What Can Teachers and Students Teach Us About Project Based Learning?

This question has almost innumerable answers. So many teachers and students have been/are in a class where project-based learning was the primary/only form of learning. PBL has had so many successes that it's very hard for today's teachers to ignore it. It is a way of making the classroom more fun and educational. Many people are unsure just how to incorporate this form of learning into their classrooms. In this post, I will discuss some sources that helped me understand this. The first is an article titled Seven Essentials for Project-Based Learning. This article discusses ways to effectively incorporate project-based learning into your classroom. A few of the biggest points include providing a driving question, allowing the student to have a say in the project, and providing feedback and revision.

The video Project-Based Learning for Teachers is a neatly created way of further explaining why project-based learning is so important and useful. One of the main points the video points out is that project-based learning teaches students the four C's: collaboration skills, communication skills, critical thinkning skills, and career and life skills. These skills are vital for students to understand and use because they are skills they will need beyond school.
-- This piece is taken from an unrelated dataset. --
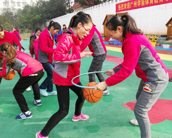 幼师们在进行运球练习。
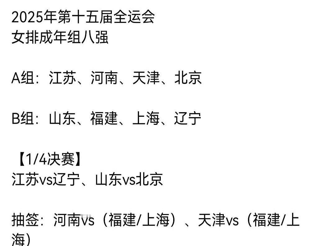 福建没拿B组第一,代价是提前撞天津。 抽签一落地,弹幕全在刷“下下签”。 天津那边估计偷着乐:李盈莹对上福建矮个副攻,像打生联赛。 可排球这玩意儿,轮到谁手硬才能说话,福建快起来连自己都怕。 另一边,河南抽到上海,才是真·黑马互啄。 朱婷要是打,上海老胳膊老腿得被抡成表情包;朱婷若歇,河南的小将们就得靠一口气撑到底。 山东对上北京,基本提前写进四强。 江苏打辽宁,丁霞传得再花,也架不住对面三叉戟轮番轰炸。 今晚七点开赛,谁输谁回家。 想爆冷?先把心跳调到120再说。

PBL: What motivates students today is an adorable, funny, and eye opening video featuring several students talking about what motivates them in school. First they talk about what motivates them in general, and then they were prompted to talk about how their teachers motivates them. They talked about things all the way from clip charts to food reinforcement. This type of motivation is key when using project-based learning in the classroom.

Teacher helping student


Ten Sites Supporting Digital Classroom Collaboration In Project Based Learning is a very resourceful website that list 10 websites that would be very handy in a classroom using project-based learning. My favorite website this blog mentions is Lino. The blog explains this website best:

"Imagine an electronic classroom display board. One that could leave the classroom and be visible on any computer screen anywhere. Now, dream about the ability to create it in minutes using multi-color post it notes, pictures, drawings, web links, and even videos. Better yet… kids can contribute by being given a URL… no login needed! Best of all it is fast, easy to use, and dependable."

This is definitely a website I will use in my future classroom.
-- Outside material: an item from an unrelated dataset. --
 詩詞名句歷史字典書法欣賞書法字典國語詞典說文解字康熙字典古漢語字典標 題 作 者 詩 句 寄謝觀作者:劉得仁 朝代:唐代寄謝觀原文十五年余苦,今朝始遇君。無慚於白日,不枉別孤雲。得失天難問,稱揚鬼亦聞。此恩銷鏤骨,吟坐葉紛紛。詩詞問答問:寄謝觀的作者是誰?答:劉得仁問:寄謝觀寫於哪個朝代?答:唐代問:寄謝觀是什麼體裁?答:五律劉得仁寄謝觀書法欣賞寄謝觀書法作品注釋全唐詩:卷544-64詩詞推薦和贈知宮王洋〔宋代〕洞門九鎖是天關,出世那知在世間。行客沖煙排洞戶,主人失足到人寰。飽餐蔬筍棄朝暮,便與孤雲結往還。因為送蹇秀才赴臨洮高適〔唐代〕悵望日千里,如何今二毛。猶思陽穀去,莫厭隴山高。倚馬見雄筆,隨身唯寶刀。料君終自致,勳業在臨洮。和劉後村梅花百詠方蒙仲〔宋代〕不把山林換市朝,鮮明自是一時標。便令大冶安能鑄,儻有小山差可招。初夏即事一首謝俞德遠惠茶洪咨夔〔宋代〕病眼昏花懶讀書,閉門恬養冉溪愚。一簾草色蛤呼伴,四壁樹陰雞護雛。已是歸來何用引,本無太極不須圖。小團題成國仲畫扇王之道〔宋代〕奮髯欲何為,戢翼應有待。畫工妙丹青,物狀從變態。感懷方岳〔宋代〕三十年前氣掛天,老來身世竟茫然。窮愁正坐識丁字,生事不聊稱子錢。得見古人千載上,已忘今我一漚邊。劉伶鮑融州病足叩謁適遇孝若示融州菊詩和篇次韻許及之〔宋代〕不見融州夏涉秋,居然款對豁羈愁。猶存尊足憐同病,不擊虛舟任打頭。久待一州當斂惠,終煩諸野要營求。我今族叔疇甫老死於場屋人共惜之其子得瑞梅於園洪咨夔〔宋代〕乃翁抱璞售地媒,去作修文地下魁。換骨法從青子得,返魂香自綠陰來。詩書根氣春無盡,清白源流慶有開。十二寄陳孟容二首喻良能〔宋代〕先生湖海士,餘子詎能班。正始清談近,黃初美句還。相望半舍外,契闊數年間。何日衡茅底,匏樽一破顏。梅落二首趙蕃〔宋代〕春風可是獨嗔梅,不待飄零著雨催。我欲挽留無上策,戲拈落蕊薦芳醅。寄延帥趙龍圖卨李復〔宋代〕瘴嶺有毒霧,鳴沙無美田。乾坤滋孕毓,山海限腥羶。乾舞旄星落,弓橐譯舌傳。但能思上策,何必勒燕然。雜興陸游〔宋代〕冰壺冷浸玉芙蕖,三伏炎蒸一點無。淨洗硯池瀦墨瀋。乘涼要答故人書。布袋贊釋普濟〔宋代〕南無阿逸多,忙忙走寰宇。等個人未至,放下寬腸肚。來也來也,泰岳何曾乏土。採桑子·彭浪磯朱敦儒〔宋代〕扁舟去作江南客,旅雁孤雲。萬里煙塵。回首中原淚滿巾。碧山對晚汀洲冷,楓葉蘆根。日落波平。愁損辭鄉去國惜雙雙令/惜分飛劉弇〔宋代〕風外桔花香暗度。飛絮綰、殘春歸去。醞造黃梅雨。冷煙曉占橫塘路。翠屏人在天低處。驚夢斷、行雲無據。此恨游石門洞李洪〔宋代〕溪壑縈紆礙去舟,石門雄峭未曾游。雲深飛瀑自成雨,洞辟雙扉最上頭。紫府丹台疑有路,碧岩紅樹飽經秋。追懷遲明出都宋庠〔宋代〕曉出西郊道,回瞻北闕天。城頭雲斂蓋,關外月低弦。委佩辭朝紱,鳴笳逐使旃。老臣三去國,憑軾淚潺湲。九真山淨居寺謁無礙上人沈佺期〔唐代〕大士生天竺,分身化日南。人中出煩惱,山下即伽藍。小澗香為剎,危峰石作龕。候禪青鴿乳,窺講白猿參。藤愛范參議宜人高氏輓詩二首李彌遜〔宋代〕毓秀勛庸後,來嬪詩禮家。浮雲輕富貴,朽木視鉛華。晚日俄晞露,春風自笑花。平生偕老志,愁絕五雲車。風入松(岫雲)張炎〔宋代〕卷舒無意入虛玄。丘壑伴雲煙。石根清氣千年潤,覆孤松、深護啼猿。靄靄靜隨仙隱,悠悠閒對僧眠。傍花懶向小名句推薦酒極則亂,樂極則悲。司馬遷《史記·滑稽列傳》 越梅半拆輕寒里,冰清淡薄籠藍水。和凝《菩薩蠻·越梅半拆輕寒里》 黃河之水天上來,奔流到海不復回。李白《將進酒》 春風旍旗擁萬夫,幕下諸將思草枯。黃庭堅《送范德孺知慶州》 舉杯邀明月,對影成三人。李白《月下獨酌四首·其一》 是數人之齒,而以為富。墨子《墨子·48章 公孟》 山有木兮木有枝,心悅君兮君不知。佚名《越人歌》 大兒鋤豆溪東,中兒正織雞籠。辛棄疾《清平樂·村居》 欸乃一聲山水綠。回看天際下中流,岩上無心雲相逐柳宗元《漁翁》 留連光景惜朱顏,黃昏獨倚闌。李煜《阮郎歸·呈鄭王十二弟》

In the video, Students solve old problem with new ketchup cap, shows us to very creative high school seniors who created a new cap to install in ketchup bottles to avoid the watery substance that often comes out. This genius creation was done at their school, which would not have been possible if the teacher had not provided the kind of environment to do so. This is exactly what the outcome of project-based learning should look like.

2 comments:

  1. The ten sites source is definitely a good one to save for a future classroom! It had had tools that would be great to use in a classroom. I agree with you that the ketchup bottle cap is what project based learning should look like. The students were able to do a project that they were interested in and gave them a chance to learn different things from it.